BEGIN Supplied data

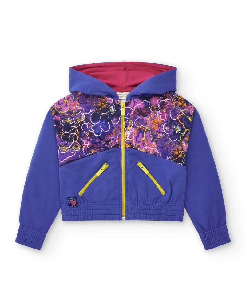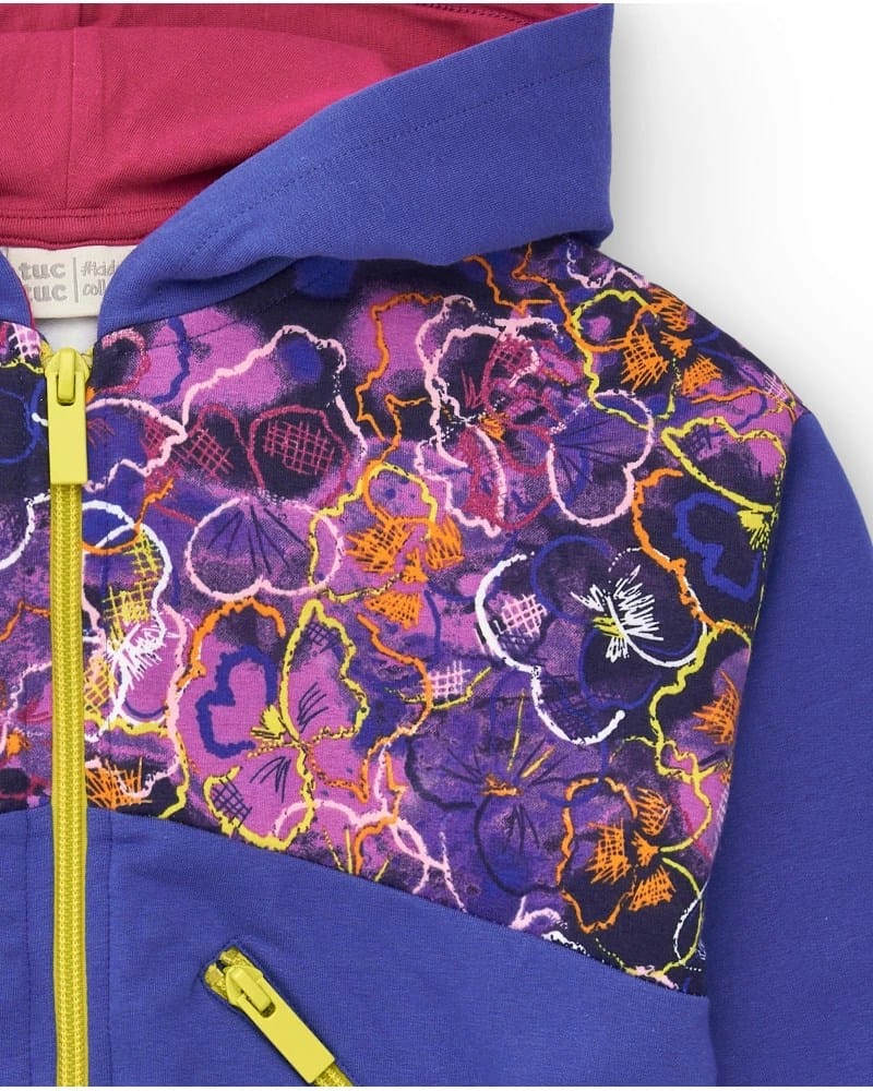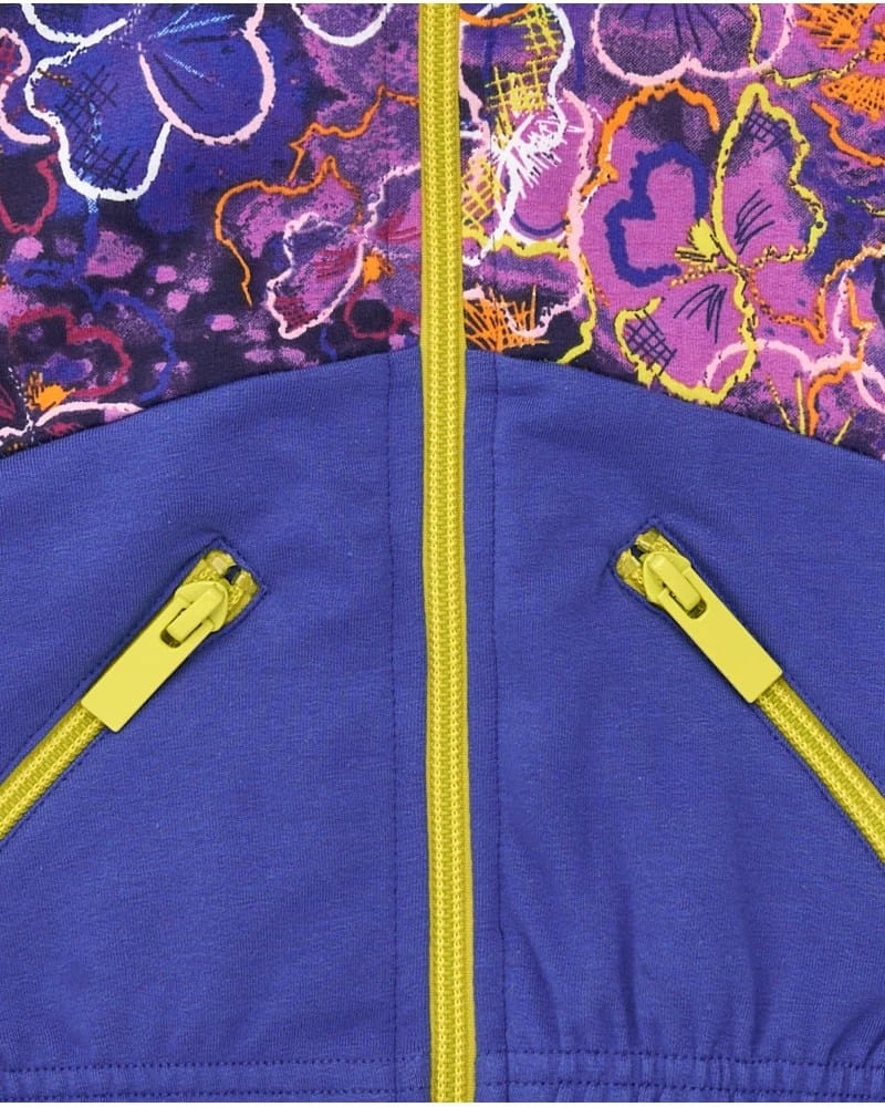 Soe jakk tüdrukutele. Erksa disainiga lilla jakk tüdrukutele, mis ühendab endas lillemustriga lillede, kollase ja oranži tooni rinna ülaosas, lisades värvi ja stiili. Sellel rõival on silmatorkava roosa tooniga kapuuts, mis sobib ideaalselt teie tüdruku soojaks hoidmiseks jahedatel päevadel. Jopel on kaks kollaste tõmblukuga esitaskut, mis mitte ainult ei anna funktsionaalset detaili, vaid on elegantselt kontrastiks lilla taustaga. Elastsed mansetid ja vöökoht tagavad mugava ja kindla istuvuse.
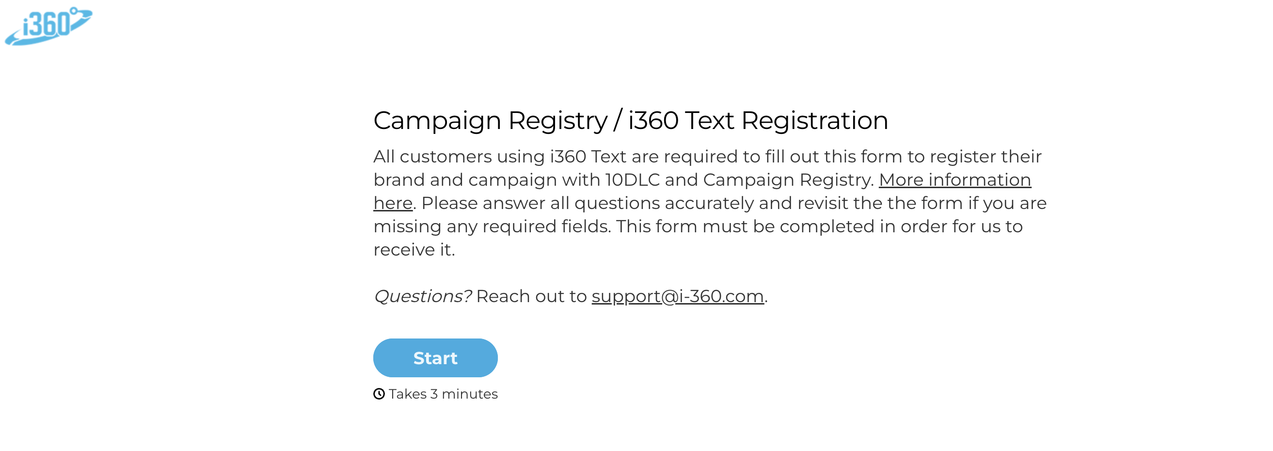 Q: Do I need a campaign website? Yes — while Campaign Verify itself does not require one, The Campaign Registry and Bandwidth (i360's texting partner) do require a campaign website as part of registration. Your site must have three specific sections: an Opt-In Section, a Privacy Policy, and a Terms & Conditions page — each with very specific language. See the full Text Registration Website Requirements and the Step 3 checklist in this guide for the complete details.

END Supplied data
BEGIN Supplied data

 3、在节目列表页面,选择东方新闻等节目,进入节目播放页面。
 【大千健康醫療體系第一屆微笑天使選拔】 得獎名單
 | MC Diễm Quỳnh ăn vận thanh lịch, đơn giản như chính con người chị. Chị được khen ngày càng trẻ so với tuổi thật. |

END Supplied data

__Problem description__
Everything above from the line containing "Soe jakk tüdrukutele." down to the line containing "Q: Do I need" is to be duplicated exactly, both lines included, and the pictures are to be omitted.

__Response__
 Soe jakk tüdrukutele. Erksa disainiga lilla jakk tüdrukutele, mis ühendab endas lillemustriga lillede, kollase ja oranži tooni rinna ülaosas, lisades värvi ja stiili. Sellel rõival on silmatorkava roosa tooniga kapuuts, mis sobib ideaalselt teie tüdruku soojaks hoidmiseks jahedatel päevadel. Jopel on kaks kollaste tõmblukuga esitaskut, mis mitte ainult ei anna funktsionaalset detaili, vaid on elegantselt kontrastiks lilla taustaga. Elastsed mansetid ja vöökoht tagavad mugava ja kindla istuvuse.
 Q: Do I need a campaign website? Yes — while Campaign Verify itself does not require one, The Campaign Registry and Bandwidth (i360's texting partner) do require a campaign website as part of registration. Your site must have three specific sections: an Opt-In Section, a Privacy Policy, and a Terms & Conditions page — each with very specific language. See the full Text Registration Website Requirements and the Step 3 checklist in this guide for the complete details.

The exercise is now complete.